Your task is to restate every entry below word for word and omit the images.
(Data excerpts begins)
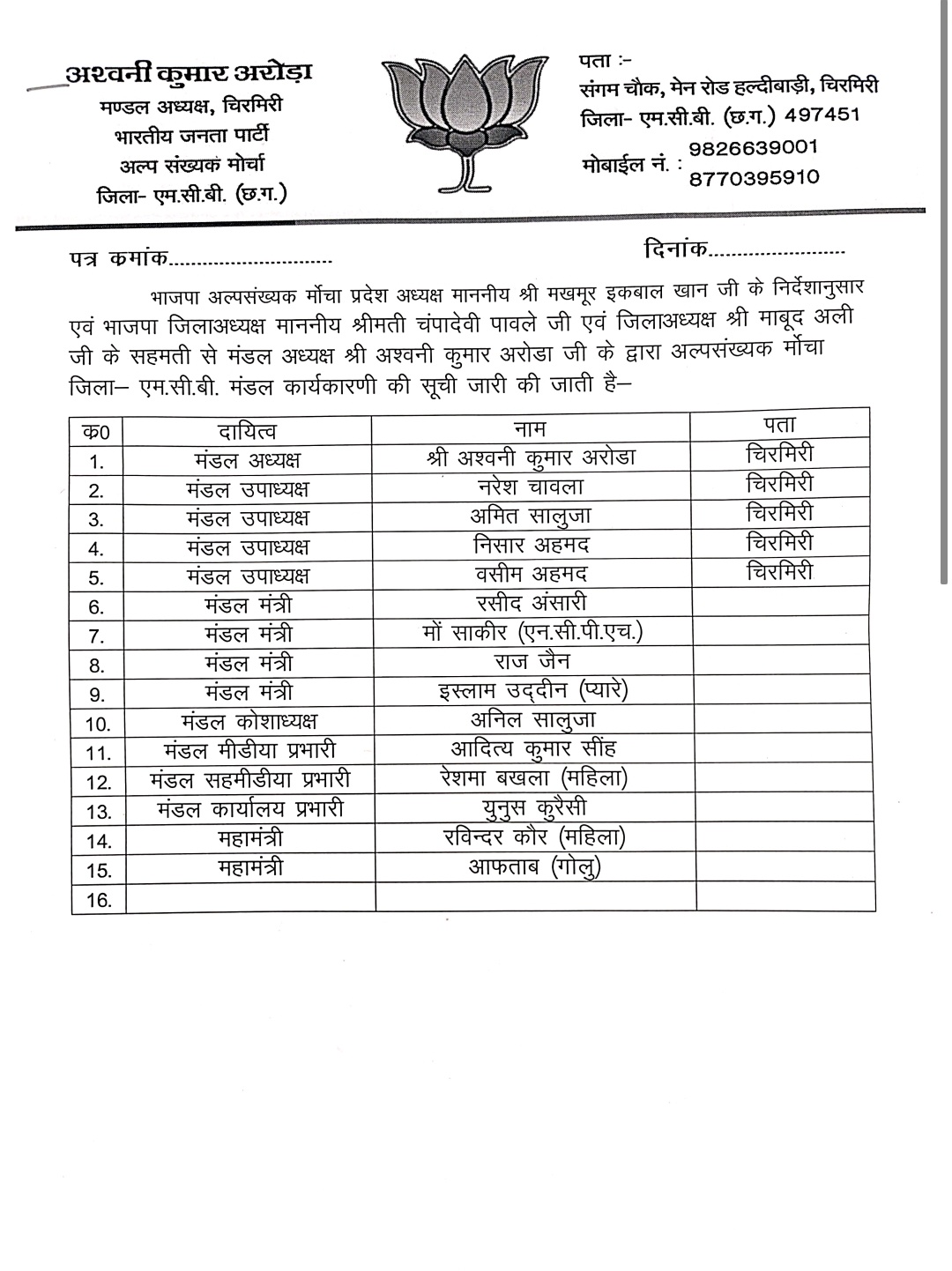 चिरमिरी- भारतीय जनता पार्टी अल्पसंख्यक मोर्चा, जिला एमसीबी की मंडल कार्यकारिणी की नई सूची आधिकारिक रूप से जारी कर दी गई है। यह घोषणा प्रदेश अध्यक्ष मखमूर इकबाल खान के निर्देशानुसार एवं भाजपा जिलाध्यक्ष श्रीमती चंपादेवी पावले एवं जिलाध्यक्ष माबूद अली की सहमति से की गई।
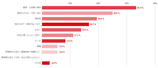 「動悸・心拍数の増加」との回答が共に33.3%で最も多く、次いで「頭皮のかゆみ・発疹・赤み」との回答が25.0%、「倦怠感」との回答が(19.4%)となった。そのほか、「性欲の低下・勃起不全(ED」、「めまい」、「体毛が濃くなった(多毛)」などの回答も少数みられた。
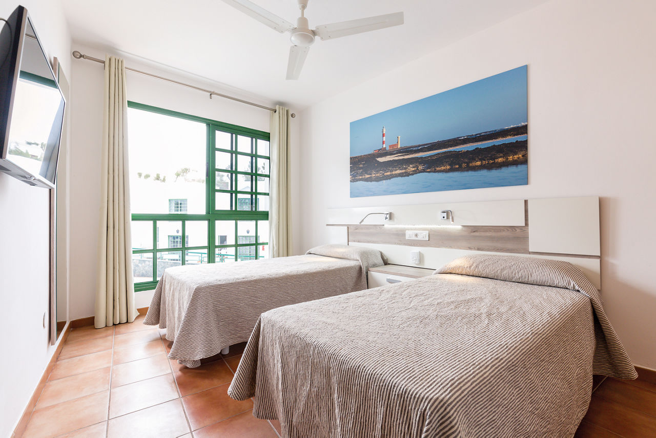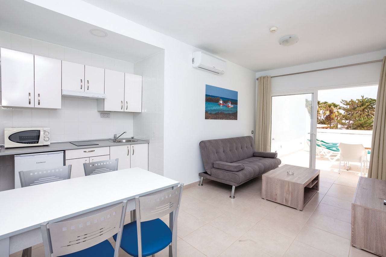 Those who want the beautiful Corralejo beach right on their doorstep will love Tao Caleta Playa; a relaxed complex with stunning views of the sea. These spacious apartments are well-equipped, making them ideal for both friends and families looking for an easy going stay in a central location. Spend your days relaxing by the quiet pool, on the beach or take the short walk into the resort centre to find some delicious local cuisine and entertainment.One bedroom apartments sleep up to 3 adults and have bathroom containing a shower, air conditioning, flat screen television, coffee making facilities, fridge, microwave, toaster and balcony or terrace.
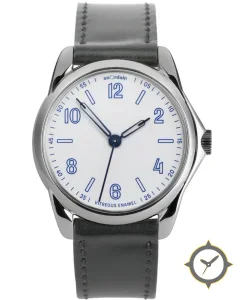 A Dress watch with a bold 46mm presence on the wrist, crafted from stainless steel featuring a white dial with a unique vitreous enamel finish.
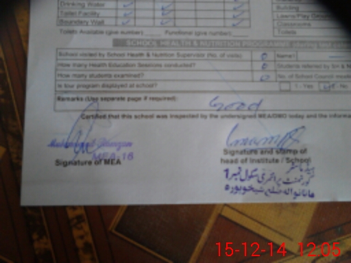 | Certified that this School was Inspected by the Undersigned MEA/DMO Today and the Information Stated Above is as Per Record. | |||||
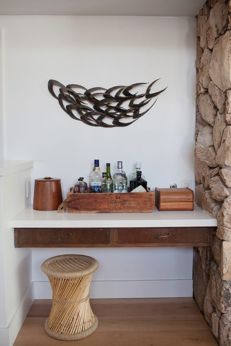 Painting cabinets is an obvious idea, but leaving exposed sides natural tells a cooler story.
(Data excerpts ends)
• Written response
 चिरमिरी- भारतीय जनता पार्टी अल्पसंख्यक मोर्चा, जिला एमसीबी की मंडल कार्यकारिणी की नई सूची आधिकारिक रूप से जारी कर दी गई है। यह घोषणा प्रदेश अध्यक्ष मखमूर इकबाल खान के निर्देशानुसार एवं भाजपा जिलाध्यक्ष श्रीमती चंपादेवी पावले एवं जिलाध्यक्ष माबूद अली की सहमति से की गई।
 「動悸・心拍数の増加」との回答が共に33.3%で最も多く、次いで「頭皮のかゆみ・発疹・赤み」との回答が25.0%、「倦怠感」との回答が(19.4%)となった。そのほか、「性欲の低下・勃起不全(ED」、「めまい」、「体毛が濃くなった(多毛)」などの回答も少数みられた。
 Those who want the beautiful Corralejo beach right on their doorstep will love Tao Caleta Playa; a relaxed complex with stunning views of the sea. These spacious apartments are well-equipped, making them ideal for both friends and families looking for an easy going stay in a central location. Spend your days relaxing by the quiet pool, on the beach or take the short walk into the resort centre to find some delicious local cuisine and entertainment.One bedroom apartments sleep up to 3 adults and have bathroom containing a shower, air conditioning, flat screen television, coffee making facilities, fridge, microwave, toaster and balcony or terrace.
 A Dress watch with a bold 46mm presence on the wrist, crafted from stainless steel featuring a white dial with a unique vitreous enamel finish.
 | Certified that this School was Inspected by the Undersigned MEA/DMO Today and the Information Stated Above is as Per Record. | |||||
 Painting cabinets is an obvious idea, but leaving exposed sides natural tells a cooler story.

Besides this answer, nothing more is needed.